Indigenous issues in New Zealand (Claire Charters)

Dr Charter’s presentation was focused on tino rangatiratanga and mana Motuhake for Māori under te Tiriti. Specifically, she talked about the ways in which the New Zealand State recognises Māori authority. The overarching theme was that judges have an important role in interpreting Indigenous peoples’ rights under the UN Declaration and in te Tiriti consistently with Indigenous peoples’ interpretations. This was a reference to her earlier contribution in The Promise of Law: Essays marking the retirement of Dame Sian Elias as Chief Justice of New Zealand where she wrote about the anxiety judges face recognising Māori tino rangatiratanga as undermining their own authority as judges (and that of the State). On the contrary, she argued that it would elevate judicial authority to do so.

Her three main areas of focus were on:

  1. Adjudication and interpretation of the UNDRIP, including our right to self-determination, and Indigenous women’s rights at the international level;
  2. recent recommendations for constitutional change in Aotearoa/New Zealand: based on UNDRIP and te Tiriti;
  3. How New Zealand courts, and possibly other state courts, should address Indigenous authority and sovereignty.

With respect to the first, she discussed how there was a range of interpretations of the UNDRIP and more specifically, what self-determination for Indigenous peoples meant. She put forward strongly that it was highly problematic that Indigenous peoples do not have the authority to determine what self-determination under the UNDRIP meant for them—and that this was largely an issue left to international and state adjudicators. Her argument was that these decision-makers should give great weight for Indigenous peoples’ voices before making a determination and, even possibly, top defer to the interpretation preferred by Indigenous peoples.

With respect to the second, she talked about recent constitutional reform proposals made in Aoteroa and, in particular, the recommendations of the Aotearoa UNDRIP Working Group in which she served as chair. While she acknowledged that New Zealand provides comparatively well, internationally speaking, for Māori participation in state governance, she suggested a greater focus on establishing spheres of independent Māori authority and shared spheres of governance with the Crown.
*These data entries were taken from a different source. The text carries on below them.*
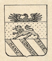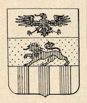 ARMA: Interzato in fascia: nel 1° d’argento all’aquila nascente di nero, imbeccata e linguata di rosso; nel 2° d’oro al leone illeopardito di rosso, movente dalla troncatura; nel 3° d’ argento a tre bande di rosso cariche in lettere maiuscole romane d’oro del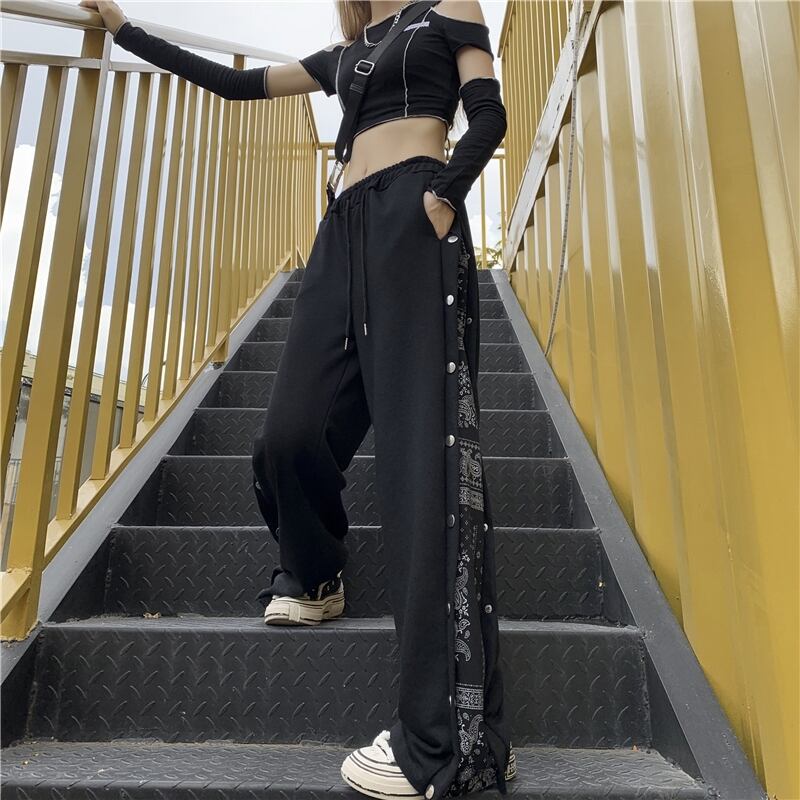 パンツ オータムスタンダードFlowerデザイン ハイウェストカジュアルルーズ薄手 レトロ 秋物 フラワーデザイン Brother_is_Style94589866631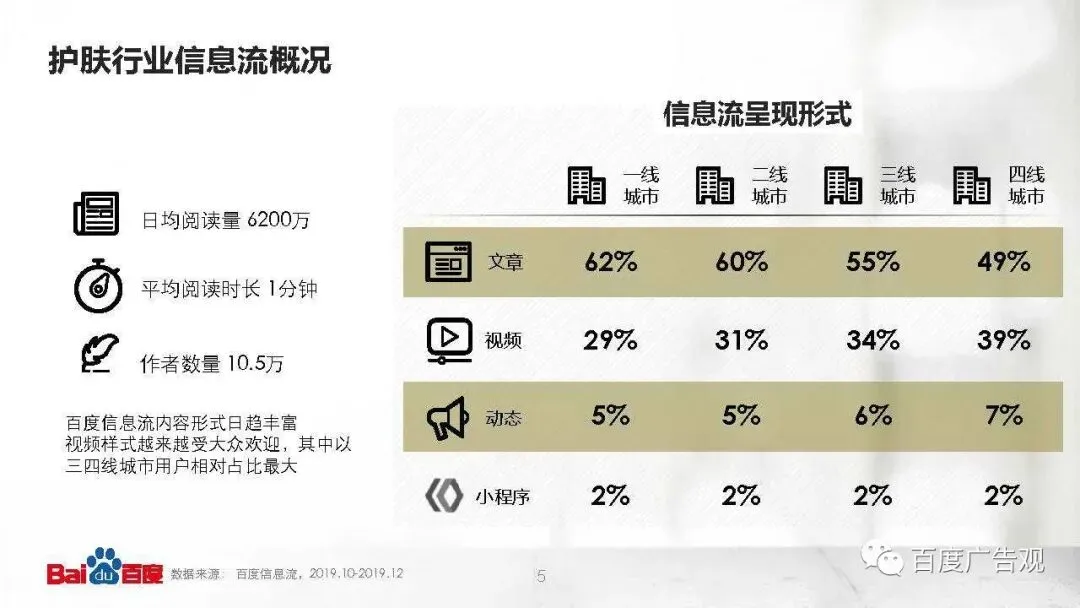 根据数据统计,在百度生产贡献护肤文章的作者数为10.5万,而用户在百度信息流的护肤文章日均阅读量高达6200万,平均阅读浏览时长为1分钟。在呈现形式上,文章占比最大,其次是视频、动态和小程序。值得关注的是视频样式越来越受大众欢迎,特别是生活节奏慢、闲暇时间多的三四线城市用户。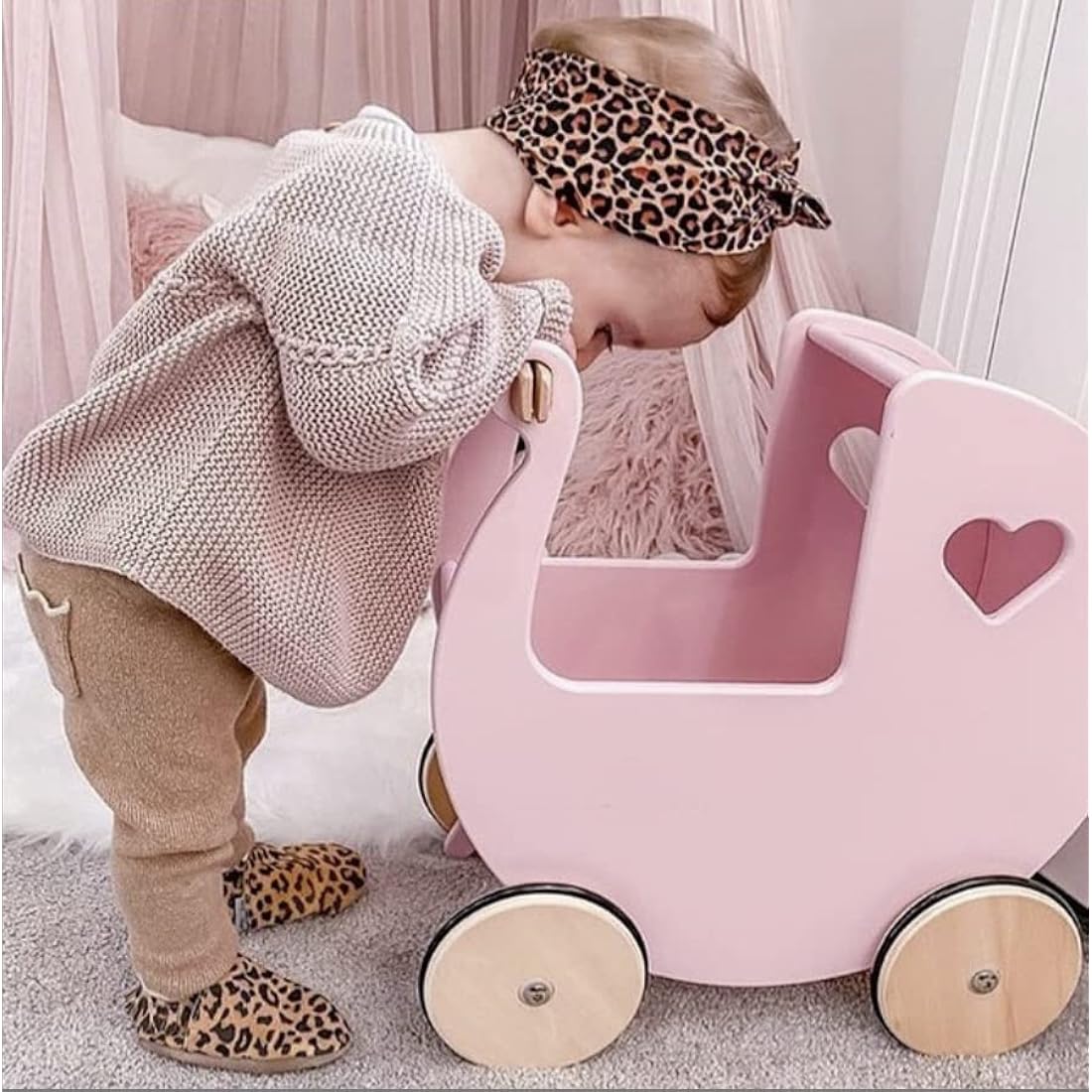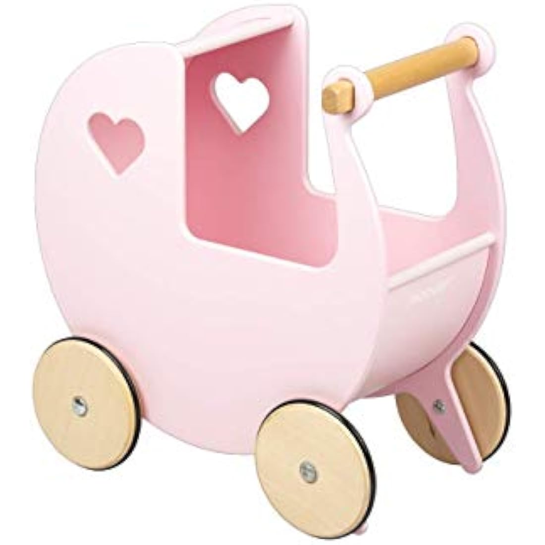 Moover Classic Doll's Pram for Toddlers, Fully Assembled, Designed in Denmark from Russian Birch Plywood, Push Along Toy, 18 Months+, 44 x 43 x 24 cm, Baby Pink and Natural Wood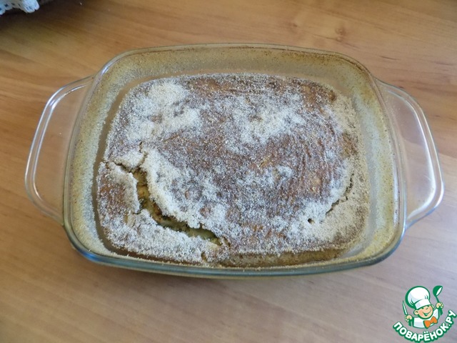 Выложила равномерно тесто по всей форме, присыпала немного верх пирога сухарями и поставила в духовку 180*С и время 40 минут.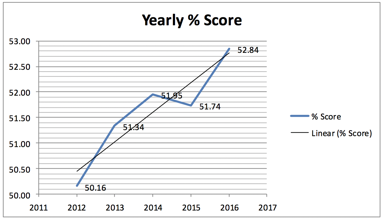 This study focused on a public primary school in Kenya with a population of 868 pupils and 20 teachers. The TESSA OER were introduced in the school in the year 2011 by teachers who were trained using TESSA activities in the in-service teacher training programme in Egerton University. Before the introduction of TESSA in the primary school, teachers mainly used strategies which made learner interactions with one another and the teacher minimal. The leaners sat in rows facing the chalk board with the teacher in front. This encouraged passivity, low motivation to learn and absenteeism among learners was common. However, the introduction of TESSA OER encouraged working in groups, which offered an opportunity for discussions and more use of local resources to support learning. The school performance in the Kenyan Certificate of Primary Examinations improved, as shown in Figure 1.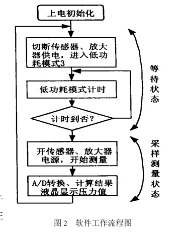 設(shè)計是圍繞如何實現(xiàn)低功耗展開的根據(jù)設(shè)計要求,傳感器橋臂電阻為8 k8,假設(shè)用3V 電池供電,電池容量為2 Ah,則儀表可連續(xù)工作200 d左右,無法滿足設(shè)計要求最初的設(shè)想 是在儀表上加裝手動開關(guān)或遙控開關(guān),在工作時打開,不工作時關(guān)閉來降低功耗這一想法很 快被否定,由于儀表可能安裝在不易接觸到的高處,遙控接收裝置要長期耗電,而且如果儀表 用于長期監(jiān)測,不論是哪一種開關(guān)都不能從根本上達(dá)到降低功耗的目的從外部控制功耗的方 案看來不可行,必須從內(nèi)部著手經(jīng)過反復(fù)推敲,我們發(fā)現(xiàn)通過單片機軟件來控制壓力傳感器 的供電和采樣以及計算和顯示測量結(jié)果是一個最優(yōu)化方案,系統(tǒng)的基本組成如圖1,單片機軟 件工作流程如圖2
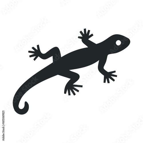 Naklejka premium Black silhouette of gecko lizard with curved tail on white background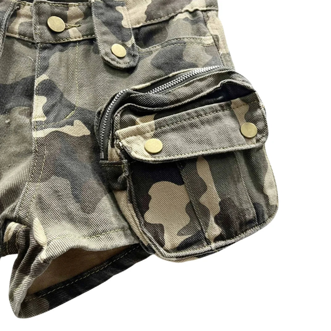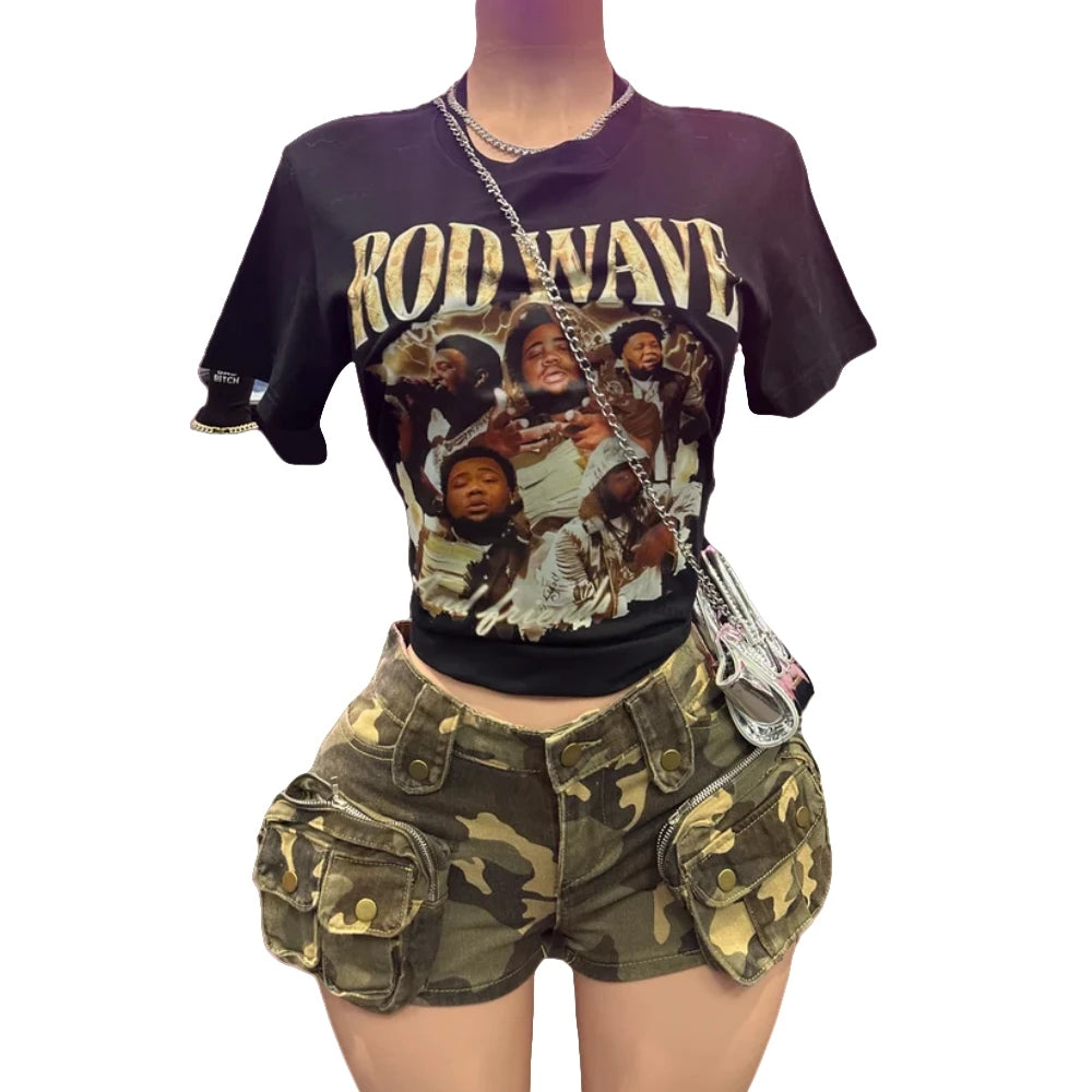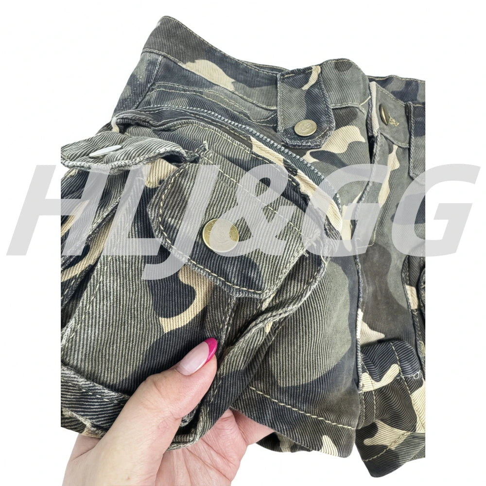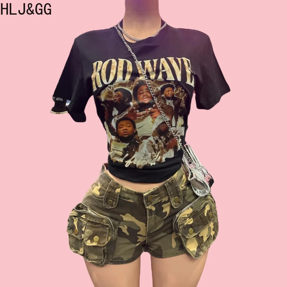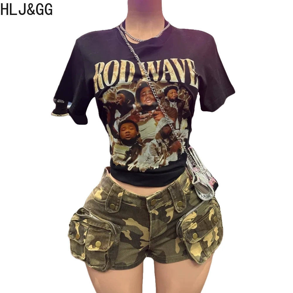 HLJ&GG Y2K Fashion Graphic Tshirts Two Piece Sets Women O Neck Short Sleeve Loose Top And Camouflage Pocket jeans Shorts Outfits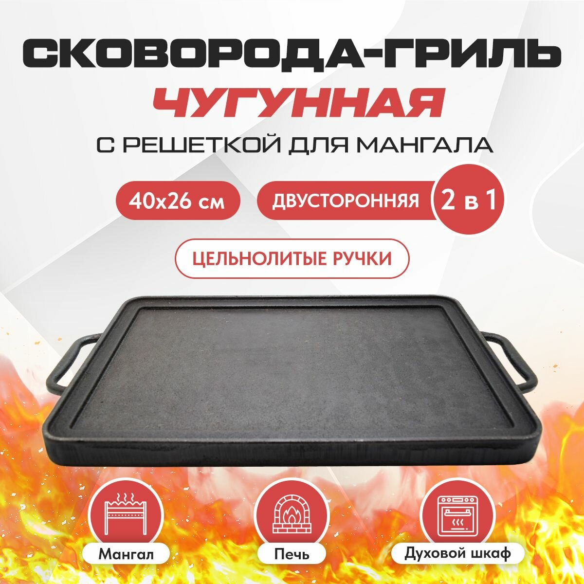 Сковорода-гриль с решеткой, для мангала, чугунная, 400х260 мм информация:

With respect to the third, she asked for the courts to transparently acknowledge that the New Zealand Crown’s claim to legitimacy is questionable, as a matter of law. She argued that it would not mean that judges should put down their pens. Instead, the judiciary might expressly justify their continued role on the basis that, as courts, they are authorised as a matter of state law to determine disputes and so long as state law is the political reality, they must continue to do so.